La commissaire européenne au Commerce Cecilia Malmström estime qu'il faudra « deux ans au minimum » avant que l'accord commercial récemment conclu par l'UE avec les pays du Mercosur (Brésil, Argentine, Uruguay, Paraguay) puisse entrer en vigueur.
« Deux ans, c'est réaliste », a avancé la commissaire suédoise lors d'un entretien avec l'AFP réalisé lundi. « Le traité de libre-échange devra être traduit dans les 23 langues européennes », puis faire l'objet d'« une révision légale », a-t-elle expliqué. « Ensuite, ce sera aux États membres » de le valider et de décider si le texte peut entrer en vigueur de manière provisoire, avant d'être soumis au vote du Parlement européen, a-t-elle détaillé, autant d'étapes qui prendront selon elle « deux ans au minimum ». Ce n'est qu'après avoir été ratifié par les parlements de l'ensemble des États membres que le texte sera définitivement entériné, une procédure qui prendra encore plus de temps et qui est aujourd'hui incertaine, étant donnée l'opposition qui s'exprime contre le texte dans certains pays.

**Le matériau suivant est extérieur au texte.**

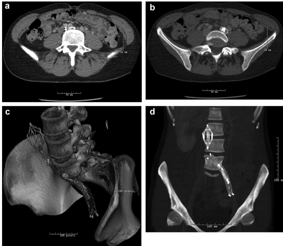
Fig 1. Computed tomography scans showing compression of the stent at the May-Thurner point (a) and high-density (calcified) material inside the stent distal to the compression (b). Three-dimensional reconstructions of these scans show the entire stent, including the compressed outflow and the calcified material within it as well as the vena cava filter (c and d).

strictly inside the stent with an 8F Rotarex catheter (Straub Medical AG, Wangs, Switzerland). The Rotarex catheter is an over-the-wire device, consisting of a catheter with a rotating head, spinning at 40,000 rpm, driven by an external motor. The rotating head detaches and fragments thrombus material from the vessel wall. An inner Archimedes screw inside the catheter, rotating at the same speed, creates a vacuum that aspirates the material and transports it out of the vessel. Although mechanical debulking of calcifications is not strict on-label use of the Rotarex catheter, it did remove some but far from all of the calcified material (visual estimate, 25%-50%; Fig 2).
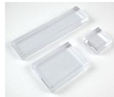
Hero Arts Rubber Stamp SMALL BLOCK...
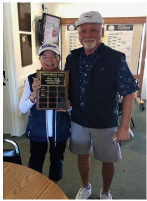
Plaque Awarded to RHWGA
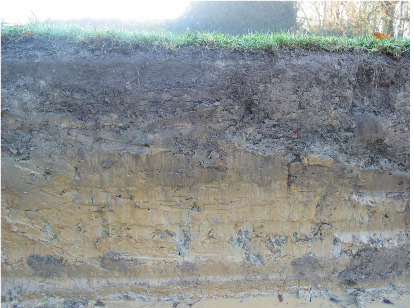
Marl from the Weald Clay, near Horsham
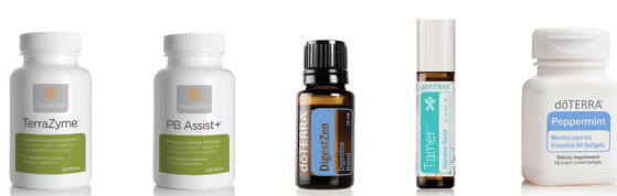
Terrazyme / PB Assist / Digestzen Tamer / Peppermint Softgels
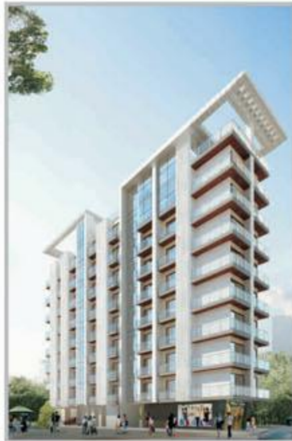
Gurukul C.H.S. Ltd., Borivali (W)

L'annonce fin juin d'un accord de libre-échange entre l'UE et le Mercosur, après 20 ans de tractations, avait immédiatement provoqué une levée de boucliers, en particulier au sein du secteur agricole. Les producteurs de boeuf sont en première ligne de la contestation. Plusieurs milliers d'éleveurs ont manifesté la semaine dernière à Dublin. Certains pays européens ont affiché leur prudence, voire leurs doutes sur cet accord, notamment les grands pays agricoles comme la France, l'Irlande ou la Pologne. « Je note que certains n'ont pas vraiment lu cet accord et partagent des rumeurs, de fausses interprétations, qui font peur aux gens. Beaucoup de ceux qui travaillent aujourd'hui dans l'agriculture sont inquiets pour le futur. C'est normal. Mais on ne sacrifie vraiment pas l'agriculture dans cet accord », a insisté la commissaire suédoise.
Le texte suscite également des inquiétudes pour les conséquences qu'il pourrait avoir sur le plan environnemental, notamment au Brésil en raison des positions du président Jair Bolsonaro favorables à l'agro-business, à la déforestation et au recours massif aux pesticides. « Faire un accord commercial avec le Mercosur ne signifie pas que nous sommes d'accord avec les politiques de ces pays dans tous les domaines. Mais c'est une manière d'ancrer le Brésil dans l'accord de Paris » sur le climat, a répondu Mme Malmström. « Le président américain (Donald Trump) essaye d'assembler d'autres leaders politiques pour se joindre à lui et sortir de l'accord de Paris. Là, le président Bolsonaro a fait son choix. Il est venu avec nous », a-t-elle dit.